▸ Stored data:
::::
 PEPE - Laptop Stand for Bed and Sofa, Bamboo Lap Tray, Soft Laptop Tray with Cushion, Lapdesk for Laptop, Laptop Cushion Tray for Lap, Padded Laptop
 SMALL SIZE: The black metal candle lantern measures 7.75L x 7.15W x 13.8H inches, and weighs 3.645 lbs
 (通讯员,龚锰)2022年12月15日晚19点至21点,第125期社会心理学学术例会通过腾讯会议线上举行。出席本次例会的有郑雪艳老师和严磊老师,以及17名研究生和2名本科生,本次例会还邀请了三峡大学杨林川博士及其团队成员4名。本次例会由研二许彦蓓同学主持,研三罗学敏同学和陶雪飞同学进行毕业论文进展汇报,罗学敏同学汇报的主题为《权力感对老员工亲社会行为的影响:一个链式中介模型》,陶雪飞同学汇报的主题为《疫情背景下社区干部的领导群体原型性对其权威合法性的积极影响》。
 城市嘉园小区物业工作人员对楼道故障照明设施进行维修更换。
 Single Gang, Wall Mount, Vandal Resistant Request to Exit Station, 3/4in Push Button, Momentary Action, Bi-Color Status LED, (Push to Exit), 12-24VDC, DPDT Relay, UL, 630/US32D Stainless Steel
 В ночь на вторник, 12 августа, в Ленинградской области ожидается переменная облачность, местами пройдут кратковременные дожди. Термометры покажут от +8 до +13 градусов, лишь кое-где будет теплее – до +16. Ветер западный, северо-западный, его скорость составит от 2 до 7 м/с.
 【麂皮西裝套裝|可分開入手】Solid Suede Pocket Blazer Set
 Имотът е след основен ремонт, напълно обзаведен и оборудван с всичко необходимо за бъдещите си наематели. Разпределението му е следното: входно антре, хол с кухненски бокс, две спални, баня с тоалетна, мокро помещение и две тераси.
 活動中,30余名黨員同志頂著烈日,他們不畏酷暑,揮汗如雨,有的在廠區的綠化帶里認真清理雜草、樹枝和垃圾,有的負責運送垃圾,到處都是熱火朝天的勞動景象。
::::
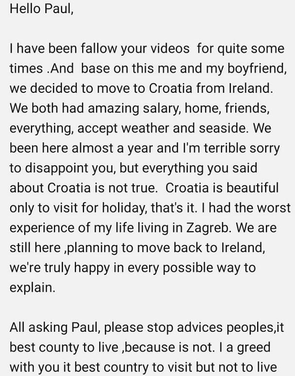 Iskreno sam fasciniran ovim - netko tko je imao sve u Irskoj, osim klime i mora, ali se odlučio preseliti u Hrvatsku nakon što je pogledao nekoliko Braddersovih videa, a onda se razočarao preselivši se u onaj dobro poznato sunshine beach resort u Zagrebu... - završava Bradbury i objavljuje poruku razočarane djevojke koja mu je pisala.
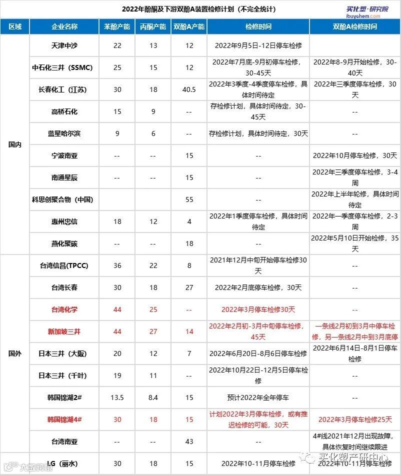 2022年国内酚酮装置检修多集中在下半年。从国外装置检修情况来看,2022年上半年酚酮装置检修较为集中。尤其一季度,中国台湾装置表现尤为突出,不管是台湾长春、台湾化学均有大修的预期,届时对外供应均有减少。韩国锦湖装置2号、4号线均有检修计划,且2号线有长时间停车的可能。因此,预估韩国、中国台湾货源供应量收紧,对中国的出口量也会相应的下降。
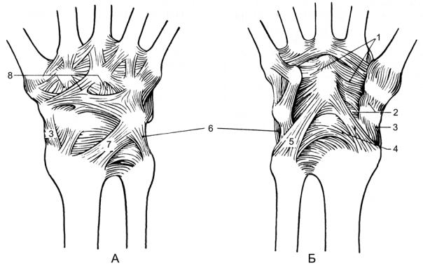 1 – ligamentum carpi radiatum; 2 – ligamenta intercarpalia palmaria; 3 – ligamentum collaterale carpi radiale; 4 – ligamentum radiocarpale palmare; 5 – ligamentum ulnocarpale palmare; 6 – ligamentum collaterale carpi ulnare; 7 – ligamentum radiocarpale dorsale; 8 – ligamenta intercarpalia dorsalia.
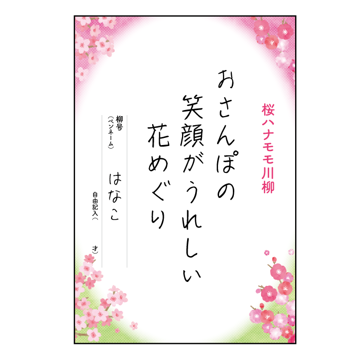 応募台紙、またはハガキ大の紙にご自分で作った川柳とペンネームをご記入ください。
::::
▸ Brief: One stretch of the lines above is wanted, from the line that contains "PEPE - Laptop" through the line that contains "Single Gang, Wall". Output it exactly.

▸ Output of the exercise:
 PEPE - Laptop Stand for Bed and Sofa, Bamboo Lap Tray, Soft Laptop Tray with Cushion, Lapdesk for Laptop, Laptop Cushion Tray for Lap, Padded Laptop
 SMALL SIZE: The black metal candle lantern measures 7.75L x 7.15W x 13.8H inches, and weighs 3.645 lbs
 (通讯员,龚锰)2022年12月15日晚19点至21点,第125期社会心理学学术例会通过腾讯会议线上举行。出席本次例会的有郑雪艳老师和严磊老师,以及17名研究生和2名本科生,本次例会还邀请了三峡大学杨林川博士及其团队成员4名。本次例会由研二许彦蓓同学主持,研三罗学敏同学和陶雪飞同学进行毕业论文进展汇报,罗学敏同学汇报的主题为《权力感对老员工亲社会行为的影响:一个链式中介模型》,陶雪飞同学汇报的主题为《疫情背景下社区干部的领导群体原型性对其权威合法性的积极影响》。
 城市嘉园小区物业工作人员对楼道故障照明设施进行维修更换。
 Single Gang, Wall Mount, Vandal Resistant Request to Exit Station, 3/4in Push Button, Momentary Action, Bi-Color Status LED, (Push to Exit), 12-24VDC, DPDT Relay, UL, 630/US32D Stainless Steel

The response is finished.